--- What you should do ---
Images excluded, repeat each entry below exactly.

BEGIN Records

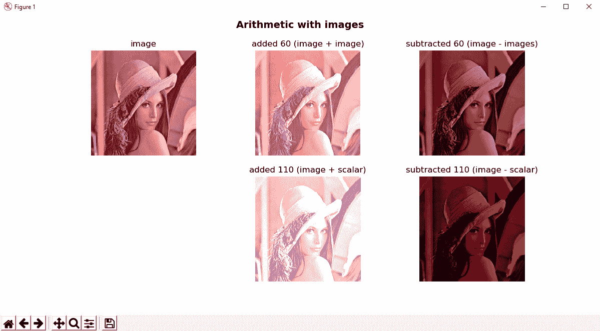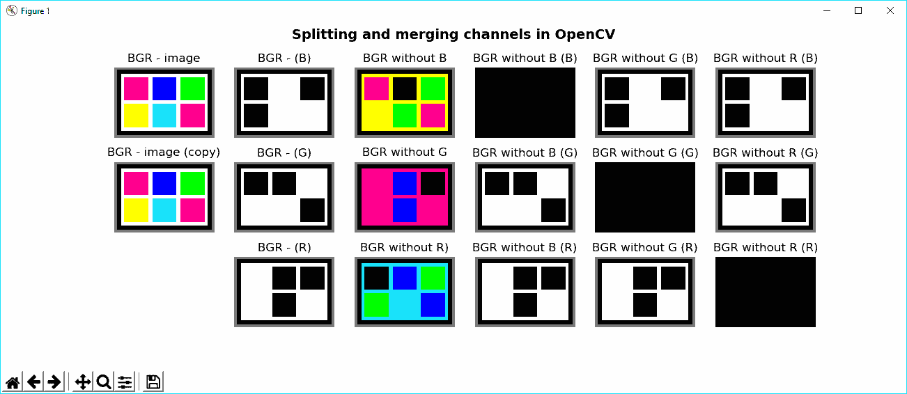 为了理解此屏幕截图,您应该记住 RGB 颜色空间的累加属性。 例如,使用不带 B 的 BGR 子图,您可以看到它大部分是黄色的。 这是因为绿色和红色值产生黄色。 您可以看到的另一个关键特征是与我们设置为0的特定通道相对应的黑色子图。
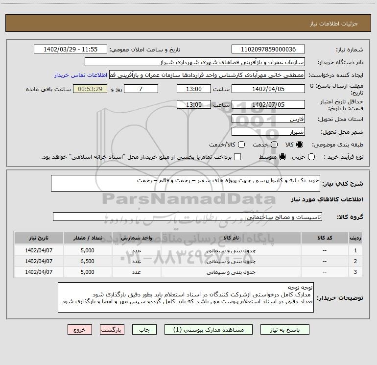نام دستگاه خریدار:سازمان عمران و بازآفرینی فضاهای شهری شهرداری شیراز
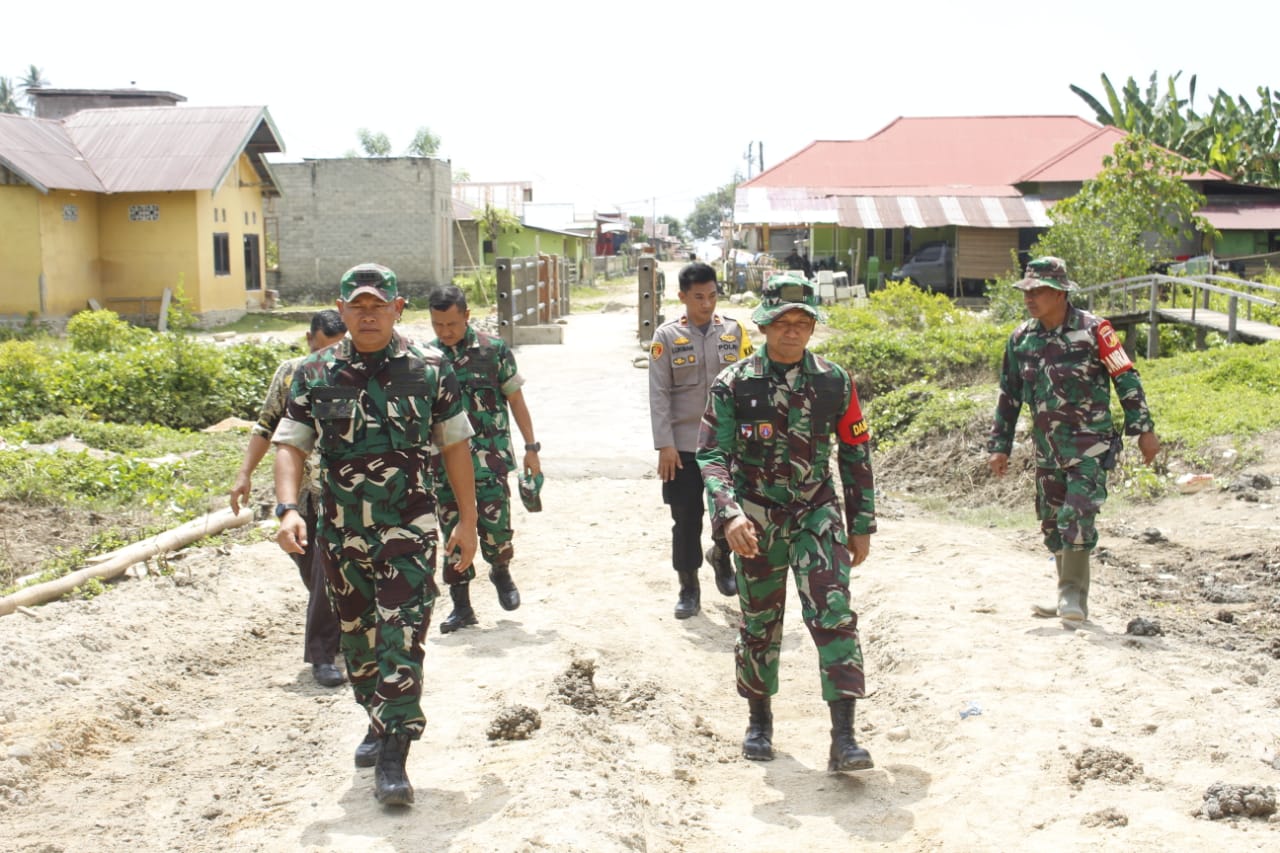 Aster Kasdam XIII/Mdk bersama Kapendam XIII/Mdk melihat secara langsung kegiatan fisik Pengerasan Jalan (Infrastruktur) sepanjang 3.000 meter dan lebar 4 antara Dusun Kuala menuju Dusun Penyapu.
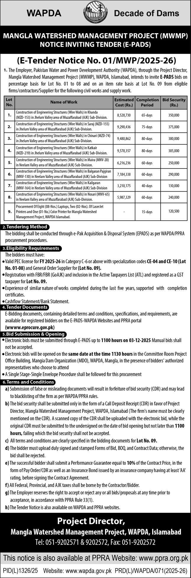 WAPDA, Telecommunications, Stationery, Software, Roads, Repair & Maintenance, Networking, Mechanical, Machinery, IT, General Order Supply, Engineering, Electronics, Electrical, Construction, Computers/Accessories, Cables, Buildings
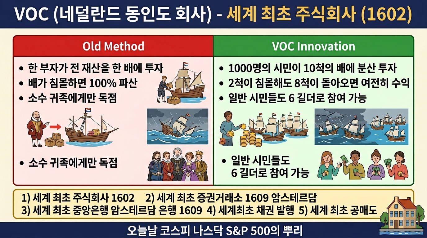 VOC가 주식을 발행한 이유는 단 하나, 위험을 나누기 위해서였습니다. 우리가 공부한 **ETF 입문 - 과일 바구니 전략**에서 "사과 한 알보다 과일 바구니"를 강조한 것이 바로 이 VOC의 정신입니다.
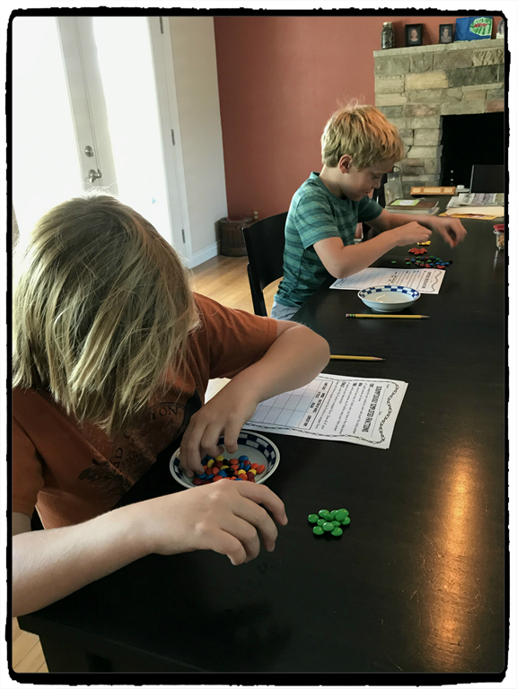 Eagerly they sorted out their 1/4 cup of M&M’s by color.

END Records

--- Exercise result ---
 为了理解此屏幕截图,您应该记住 RGB 颜色空间的累加属性。 例如,使用不带 B 的 BGR 子图,您可以看到它大部分是黄色的。 这是因为绿色和红色值产生黄色。 您可以看到的另一个关键特征是与我们设置为0的特定通道相对应的黑色子图。
نام دستگاه خریدار:سازمان عمران و بازآفرینی فضاهای شهری شهرداری شیراز
 Aster Kasdam XIII/Mdk bersama Kapendam XIII/Mdk melihat secara langsung kegiatan fisik Pengerasan Jalan (Infrastruktur) sepanjang 3.000 meter dan lebar 4 antara Dusun Kuala menuju Dusun Penyapu.
 WAPDA, Telecommunications, Stationery, Software, Roads, Repair & Maintenance, Networking, Mechanical, Machinery, IT, General Order Supply, Engineering, Electronics, Electrical, Construction, Computers/Accessories, Cables, Buildings
 VOC가 주식을 발행한 이유는 단 하나, 위험을 나누기 위해서였습니다. 우리가 공부한 **ETF 입문 - 과일 바구니 전략**에서 "사과 한 알보다 과일 바구니"를 강조한 것이 바로 이 VOC의 정신입니다.
 Eagerly they sorted out their 1/4 cup of M&M’s by color.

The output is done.